The founders – all tracing their heritage to the Abruzzese village of Vasto – “wanted to become Americans and assimilate into our culture, but they wanted to keep their traditions, ethnicity and pride in being Italian,” he said. “So for me to continue what they started is an honor and a privilege.”
Baldino has the perfect background, ticking off the boxes of culture, community and cuisine in multiple ways. His heritage is Calabrese. He lives in South Philly. His Aunt Mary married Ernest Mezzaroba, club president starting in 1975. His grandparents and uncle for 34 years ran Al Mazza’s, a restaurant next door. For decades, he worked in restaurants, including Philadelphia’s Vetri. He milked goats and picked wild fennel while studying cooking in Sicily. He created Zeppoli in Collingswood, N.J., which Bon Appétit in 2012 declared to be one of America’s best new restaurants.
So in 2016 he took over the challenge of updating the club’s physical space (including a hole in the floor that Uncle Ernie had fallen through) and modernizing the menu (Bon Appétit in 2017 anointed the club as one of America’s best new restaurants) while retaining its cultural foundation (Italian music on Thursdays and wartime artifacts on the walls) and its traditional ambience (he calls it “a time capsule”).
“It’s not just the place,” said Baldino, the club’s owner, president and chef. “It’s the neighborhood, where you can hear the church bells ringing and smell the Sunday sauce coming from the homes.”
The club is in a rowhouse at 1408 S. 12th Street, with a dining room that seats 28 and a bar serving a dozen more. It’s open Thursdays through Sundays (look for the neon “open” sign and ring the bell). The house rules end with “Eat a lot, drink more, and mostly be social.”
It began as the Filippo Palizzi Societa di Mutuo Soccoroso di Vasto, to honor a painter born in Vasto, but it shortened its name and expanded its $20 membership eligibility beyond Vasto. Except memberships are now closed, he said, citing state rules that also limit Mummers brigades’ buildings.
The club menu is nicely curated: four starters, four grilled items, four pastas, four specialties and three desserts (What – you don’t have room for dessert?).
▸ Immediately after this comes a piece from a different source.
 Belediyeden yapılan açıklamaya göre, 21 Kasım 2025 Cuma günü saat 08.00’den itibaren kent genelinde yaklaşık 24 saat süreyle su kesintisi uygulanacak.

The tasting menu is $55. The Zeppoli menu is a little longer – five salads, five pastas, five entrees and six desserts – with $55 and $75 tasting menus. By contrast, “Dinner at the Club,” Baldino’s beautifully photographed and mouthwatering 2019 cookbook and memoir, is extensive with 70 recipes, with him sharing why he loves so many.
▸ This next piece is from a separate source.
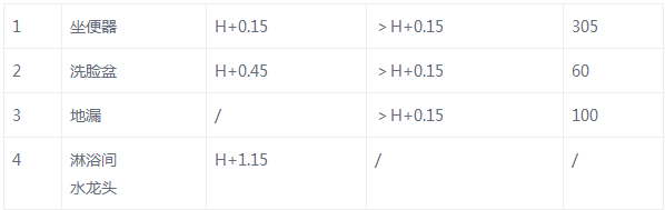 其中:第三栏为给水阀安装高度(m)、H为装修完成面标高,第四栏为排水安装高度(m)、 H 为装修完成面标高第五栏为排水立管中心距装修完成面距离(mm)。
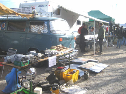![]() La plus grande bourse de pièces anciennes pour voitures, motos et vélos d'Europe, le Veterama, s'est déroulée à Mannheim les 13 et 14 octobre dernier. Créé en 1975, ce marché aux pièces d'occasion n'a cessé de se développer. Actuellement, le Veterama rassemble plus de 3'000 exposants venus de l'Europe entière et attire près de 50'000 collectionneurs ou passionnés de mécaniques anciennes. Si l'on veut visiter tous les stands, il faut parcourir plus de 20 km! Cette année, après un break de... 10 ans, j'ai eu à nouveau l'occasion de me rendre à Mannheim en compagnie de Patrick Montoliu, un fidèle de cette manifestation. Partis le samedi matin à... 01h30, nous sommes arrivés à Mannheim à 06h15 après un trajet de 450 km sans histoire. Le parking n'ouvrant ses portes qu'un peu avant 07h00, nous en avons profité pour prendre quelques forces avant de se "lâcher" dans l'immensité de l'exposition. Coup de chance cette année, nous avons pu

Among those loves are escarole and beans, stuffed artichokes and spaghetti and crabs (“quintessentially South Philly things” that are the club’s most popular); pasta and ceci (growing up, a classic cold-weather dish); parmigiano crespello en brodo (a club dish that became the first course in every holiday meal for his family); cioppino (what his mother makes for his birthday); bracciole
(his mother’s Sunday go-to meal); and whole roasted suckling pig (the ear is his favorite part).
Cookbook recipes “are not fancy and, for the most part, not complicated.” Some are “prepared exactly at my family home. … But I’m a chef, too, so I’ve sharpened, tightened and upgraded” many.
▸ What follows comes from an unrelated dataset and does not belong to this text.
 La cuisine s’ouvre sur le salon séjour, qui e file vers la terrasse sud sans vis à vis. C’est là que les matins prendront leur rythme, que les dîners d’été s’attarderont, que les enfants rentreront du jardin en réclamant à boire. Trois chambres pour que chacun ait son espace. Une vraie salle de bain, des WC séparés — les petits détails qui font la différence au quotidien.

Baldino, who’s 44, grew up a block from the club. “Everybody in my neighborhood was Italian, and everybody I went to school with was Italian, so I thought everybody was Italian,” he said. “It wasn’t until I went to high school where I got to see different ethnicities and different types of people. It opened my eyes, and it also gave me the perspective into how lucky I am to be brought up in Italian culture, food and art – all that stuff that Italians hold so dear and what the country gave to the world.”
He’s visited Italy a dozen times, starting as a freshman in college, and his travels have infused his desire to showcase quality ingredients in recipes close to his heart. “Sometimes, the best food is the simplest, with the smallest number of ingredients,” he said, rejecting trendy foams and flowers in favor of Italian traditions, which he calls “the first soul food.” The ultimate compliment is when diners use crusty selections from their bread basket to scrape the last bits of sauce from their plates.
TRY THIS AT HOME
This Club Rub is used on many meat and seafood dishes at the Palizzi Social Club. Recipe from “Dinner at the Club,” by Joey Baldino and Adam Erace.2 cups loosely packed fresh parsley leaves
2 garlic cloves
¼ teaspoon red pepper flakes
Finely chop all the ingredients, mix and store in an airtight container.